→ Information supplied
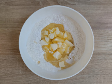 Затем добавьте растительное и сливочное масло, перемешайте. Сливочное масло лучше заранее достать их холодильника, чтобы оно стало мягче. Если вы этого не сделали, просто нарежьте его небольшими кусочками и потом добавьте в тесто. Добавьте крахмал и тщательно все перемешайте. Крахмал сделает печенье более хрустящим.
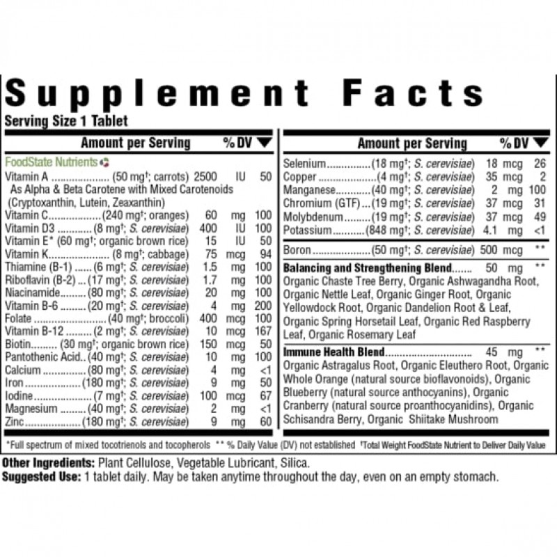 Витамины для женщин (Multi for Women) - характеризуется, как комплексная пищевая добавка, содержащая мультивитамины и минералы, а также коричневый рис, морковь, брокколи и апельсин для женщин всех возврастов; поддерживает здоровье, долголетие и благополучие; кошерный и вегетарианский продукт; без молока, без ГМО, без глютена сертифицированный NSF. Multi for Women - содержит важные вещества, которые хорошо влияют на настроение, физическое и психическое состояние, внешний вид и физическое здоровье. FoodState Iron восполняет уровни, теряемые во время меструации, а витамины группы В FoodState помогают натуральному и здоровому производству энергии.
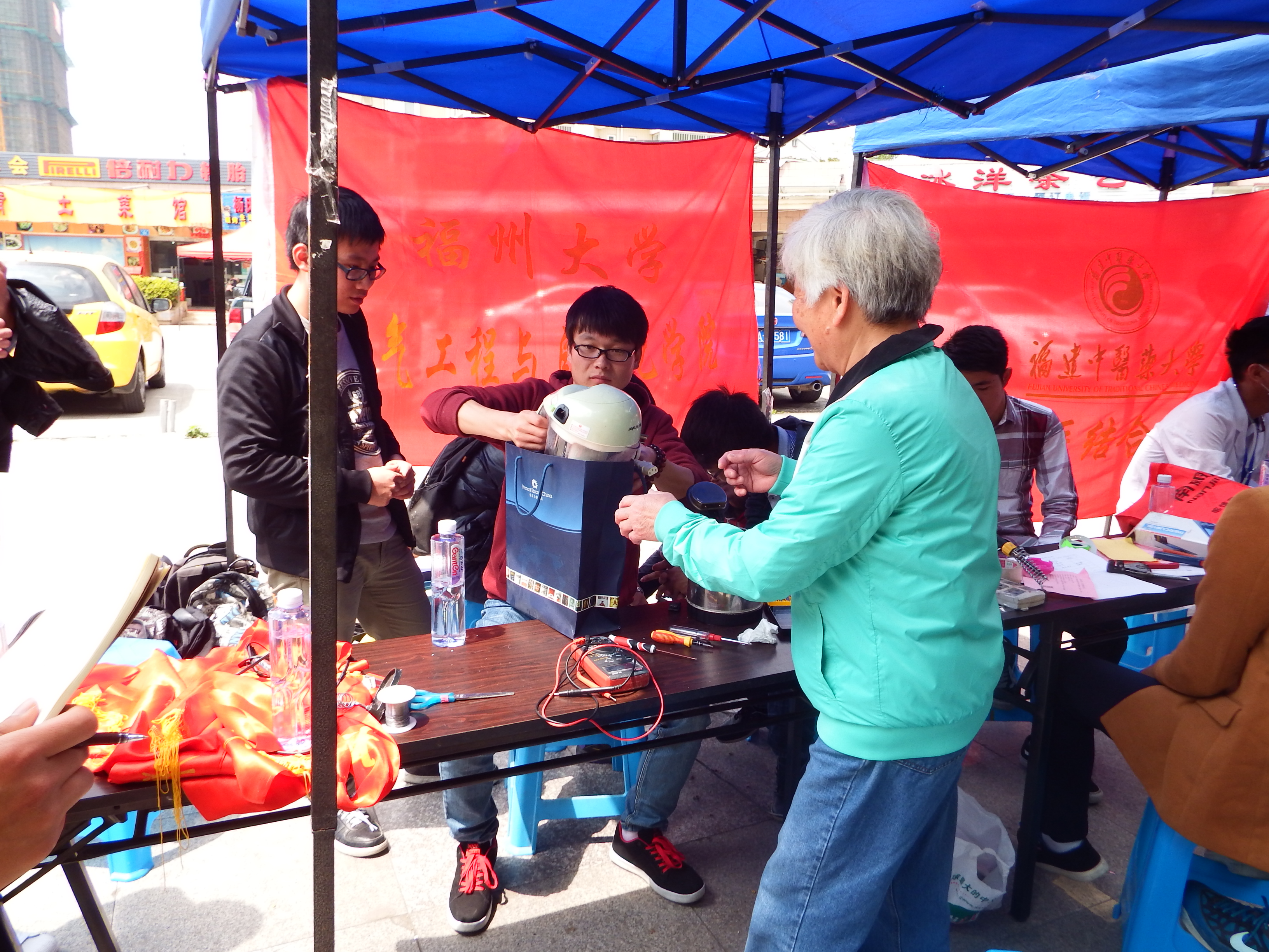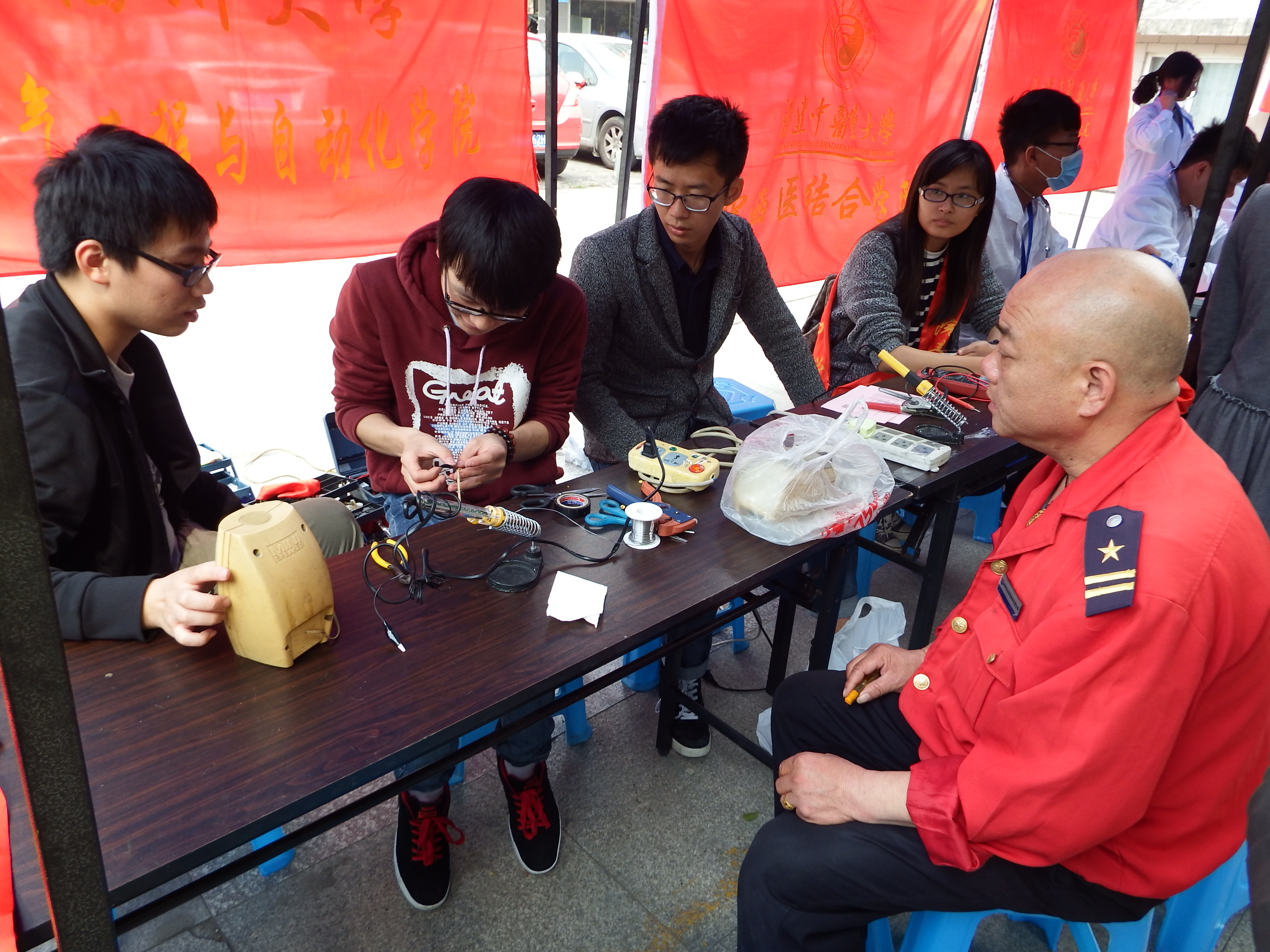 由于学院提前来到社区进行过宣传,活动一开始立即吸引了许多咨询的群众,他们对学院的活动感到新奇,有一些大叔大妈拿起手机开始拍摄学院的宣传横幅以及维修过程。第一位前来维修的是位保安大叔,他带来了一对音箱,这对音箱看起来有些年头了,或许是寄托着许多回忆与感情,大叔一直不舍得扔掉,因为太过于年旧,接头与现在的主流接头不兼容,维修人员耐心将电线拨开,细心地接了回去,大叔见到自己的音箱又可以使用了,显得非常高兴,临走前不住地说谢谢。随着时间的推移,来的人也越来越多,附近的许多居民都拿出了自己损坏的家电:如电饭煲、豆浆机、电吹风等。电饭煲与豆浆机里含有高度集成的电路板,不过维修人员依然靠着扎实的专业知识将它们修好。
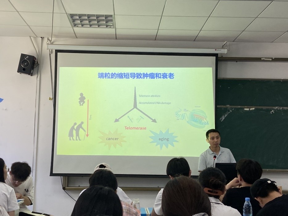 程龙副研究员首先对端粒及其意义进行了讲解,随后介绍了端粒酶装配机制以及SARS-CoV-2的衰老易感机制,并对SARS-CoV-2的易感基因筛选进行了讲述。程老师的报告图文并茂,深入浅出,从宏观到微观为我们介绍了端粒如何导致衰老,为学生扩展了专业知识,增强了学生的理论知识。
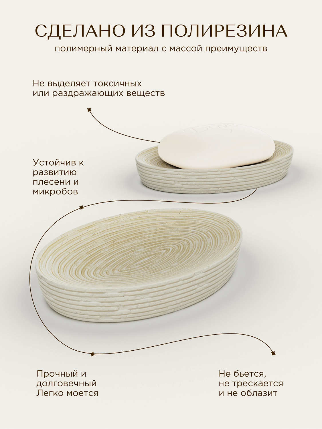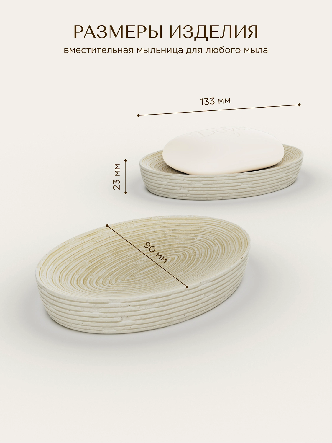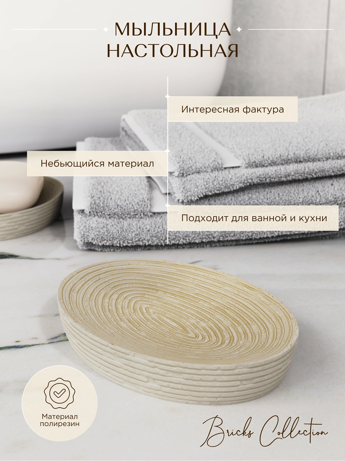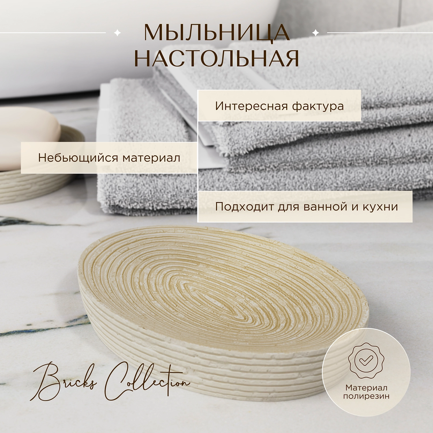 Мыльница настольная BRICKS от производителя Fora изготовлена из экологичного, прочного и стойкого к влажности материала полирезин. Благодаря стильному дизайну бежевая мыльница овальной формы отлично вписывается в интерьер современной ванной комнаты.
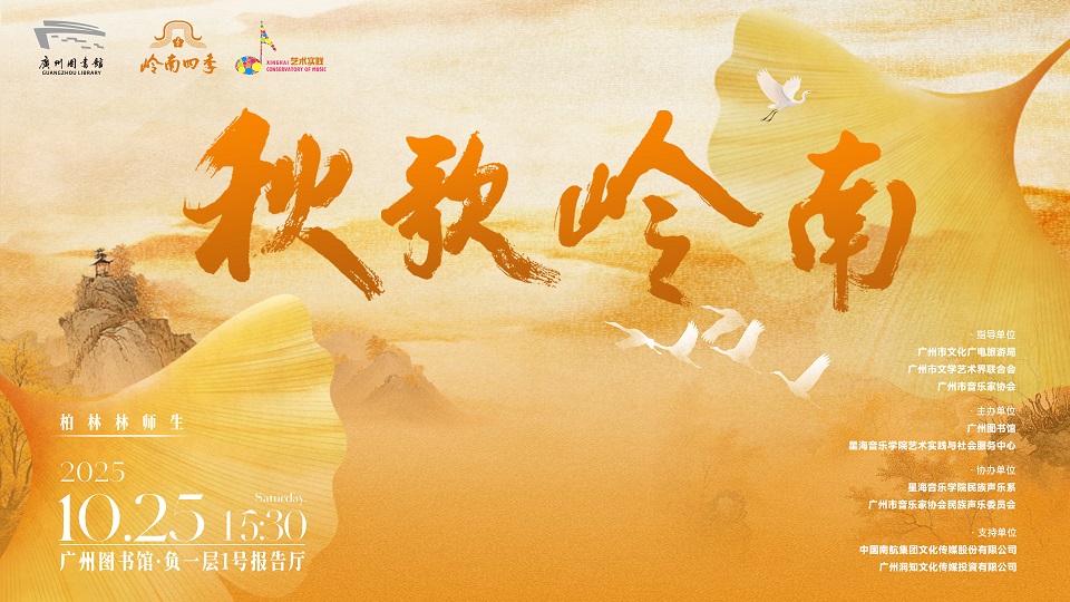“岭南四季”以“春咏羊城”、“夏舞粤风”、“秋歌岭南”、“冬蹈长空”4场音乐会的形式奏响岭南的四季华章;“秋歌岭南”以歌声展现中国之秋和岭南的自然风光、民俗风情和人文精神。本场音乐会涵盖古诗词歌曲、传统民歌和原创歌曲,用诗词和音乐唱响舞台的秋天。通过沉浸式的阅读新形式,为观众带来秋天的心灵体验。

→ Assigned task
Everything in the material goes into the copy exactly, except the images.

→ Your solution
 Затем добавьте растительное и сливочное масло, перемешайте. Сливочное масло лучше заранее достать их холодильника, чтобы оно стало мягче. Если вы этого не сделали, просто нарежьте его небольшими кусочками и потом добавьте в тесто. Добавьте крахмал и тщательно все перемешайте. Крахмал сделает печенье более хрустящим.
 Витамины для женщин (Multi for Women) - характеризуется, как комплексная пищевая добавка, содержащая мультивитамины и минералы, а также коричневый рис, морковь, брокколи и апельсин для женщин всех возврастов; поддерживает здоровье, долголетие и благополучие; кошерный и вегетарианский продукт; без молока, без ГМО, без глютена сертифицированный NSF. Multi for Women - содержит важные вещества, которые хорошо влияют на настроение, физическое и психическое состояние, внешний вид и физическое здоровье. FoodState Iron восполняет уровни, теряемые во время меструации, а витамины группы В FoodState помогают натуральному и здоровому производству энергии.
 由于学院提前来到社区进行过宣传,活动一开始立即吸引了许多咨询的群众,他们对学院的活动感到新奇,有一些大叔大妈拿起手机开始拍摄学院的宣传横幅以及维修过程。第一位前来维修的是位保安大叔,他带来了一对音箱,这对音箱看起来有些年头了,或许是寄托着许多回忆与感情,大叔一直不舍得扔掉,因为太过于年旧,接头与现在的主流接头不兼容,维修人员耐心将电线拨开,细心地接了回去,大叔见到自己的音箱又可以使用了,显得非常高兴,临走前不住地说谢谢。随着时间的推移,来的人也越来越多,附近的许多居民都拿出了自己损坏的家电:如电饭煲、豆浆机、电吹风等。电饭煲与豆浆机里含有高度集成的电路板,不过维修人员依然靠着扎实的专业知识将它们修好。
 程龙副研究员首先对端粒及其意义进行了讲解,随后介绍了端粒酶装配机制以及SARS-CoV-2的衰老易感机制,并对SARS-CoV-2的易感基因筛选进行了讲述。程老师的报告图文并茂,深入浅出,从宏观到微观为我们介绍了端粒如何导致衰老,为学生扩展了专业知识,增强了学生的理论知识。
 Мыльница настольная BRICKS от производителя Fora изготовлена из экологичного, прочного и стойкого к влажности материала полирезин. Благодаря стильному дизайну бежевая мыльница овальной формы отлично вписывается в интерьер современной ванной комнаты.
“岭南四季”以“春咏羊城”、“夏舞粤风”、“秋歌岭南”、“冬蹈长空”4场音乐会的形式奏响岭南的四季华章;“秋歌岭南”以歌声展现中国之秋和岭南的自然风光、民俗风情和人文精神。本场音乐会涵盖古诗词歌曲、传统民歌和原创歌曲,用诗词和音乐唱响舞台的秋天。通过沉浸式的阅读新形式,为观众带来秋天的心灵体验。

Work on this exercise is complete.